About this exercise —
Among the lines of the listing below, retype exactly those from the one containing "4:人工隻需補充物料,設備自" through the one containing "This Isabella Fiore", both included. Do not include pictures.

Information —
=====

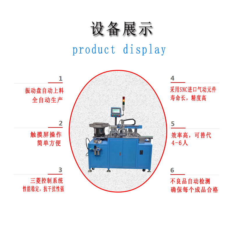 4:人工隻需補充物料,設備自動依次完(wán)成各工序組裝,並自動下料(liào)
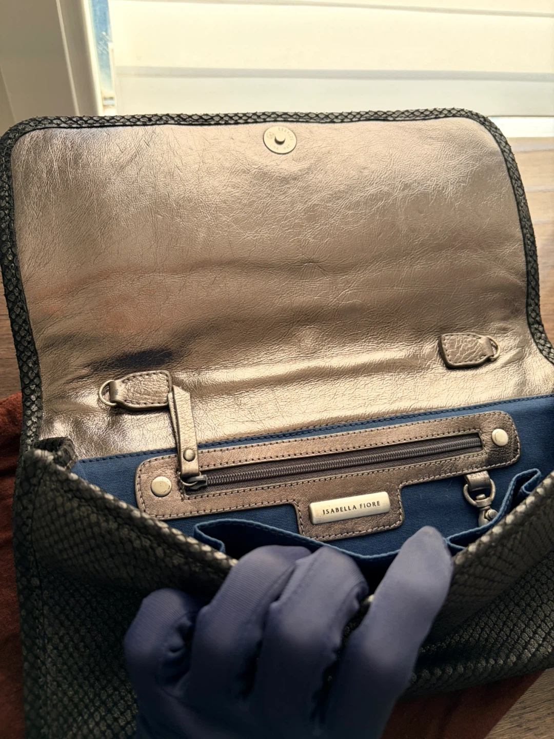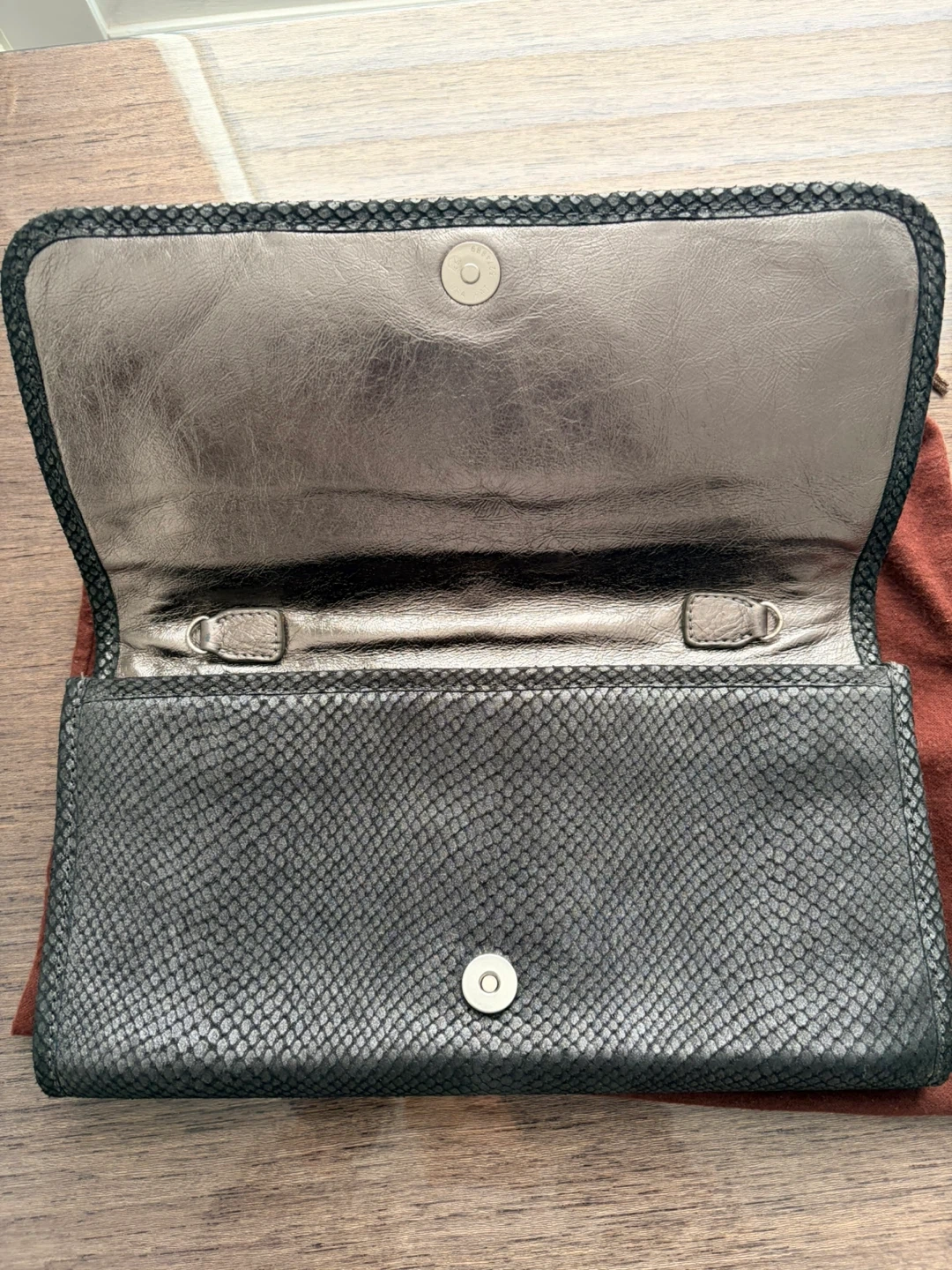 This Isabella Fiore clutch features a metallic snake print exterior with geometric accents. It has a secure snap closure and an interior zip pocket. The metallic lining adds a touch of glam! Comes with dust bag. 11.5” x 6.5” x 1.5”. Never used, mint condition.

=====

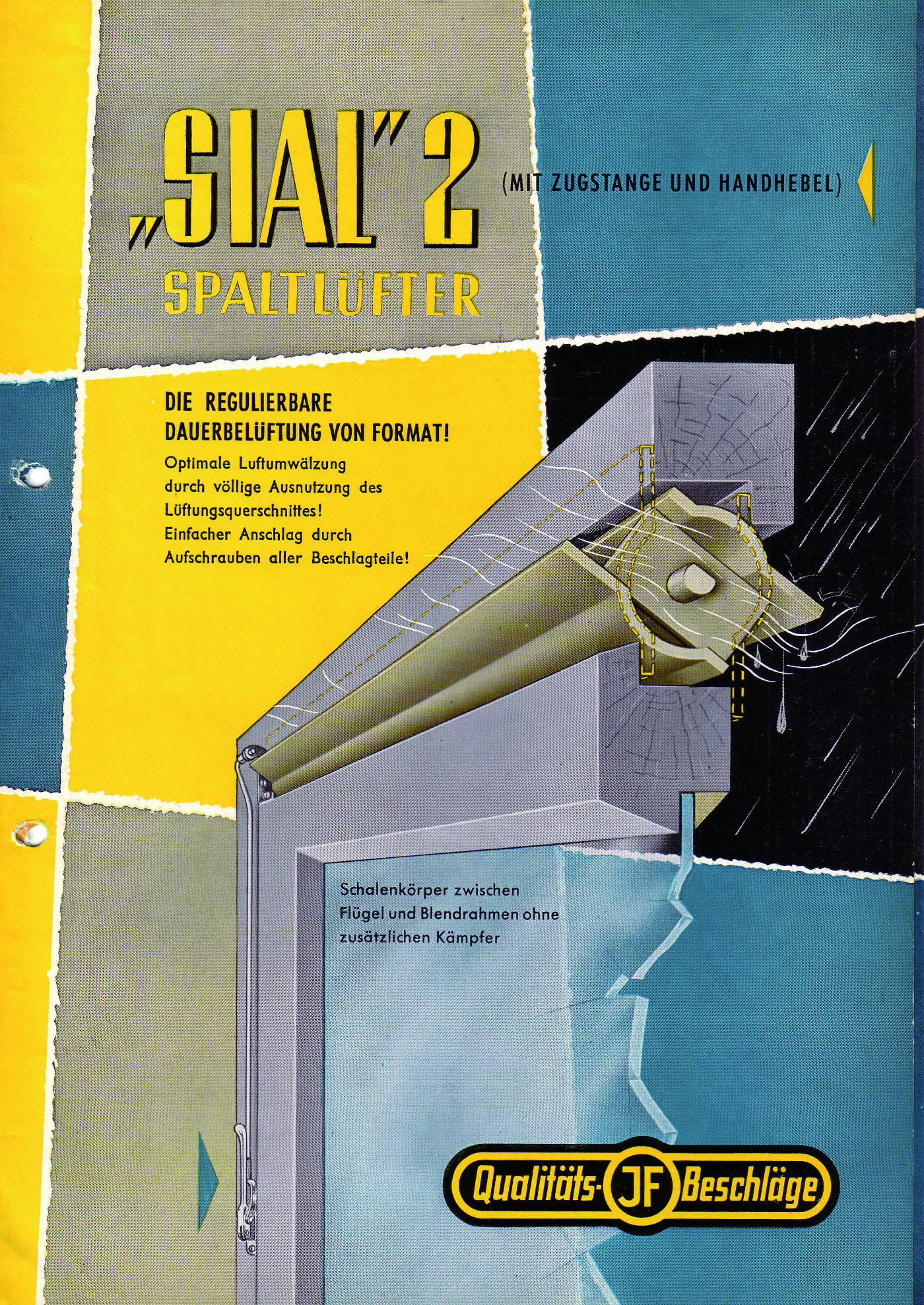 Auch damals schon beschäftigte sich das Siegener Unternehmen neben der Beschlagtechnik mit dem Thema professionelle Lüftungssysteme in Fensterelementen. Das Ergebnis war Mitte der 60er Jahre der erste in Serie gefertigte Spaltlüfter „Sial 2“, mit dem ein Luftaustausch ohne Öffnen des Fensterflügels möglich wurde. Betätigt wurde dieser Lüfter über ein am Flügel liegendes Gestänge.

=====

Response to this exercise —
 4:人工隻需補充物料,設備自動依次完(wán)成各工序組裝,並自動下料(liào)
 This Isabella Fiore clutch features a metallic snake print exterior with geometric accents. It has a secure snap closure and an interior zip pocket. The metallic lining adds a touch of glam! Comes with dust bag. 11.5” x 6.5” x 1.5”. Never used, mint condition.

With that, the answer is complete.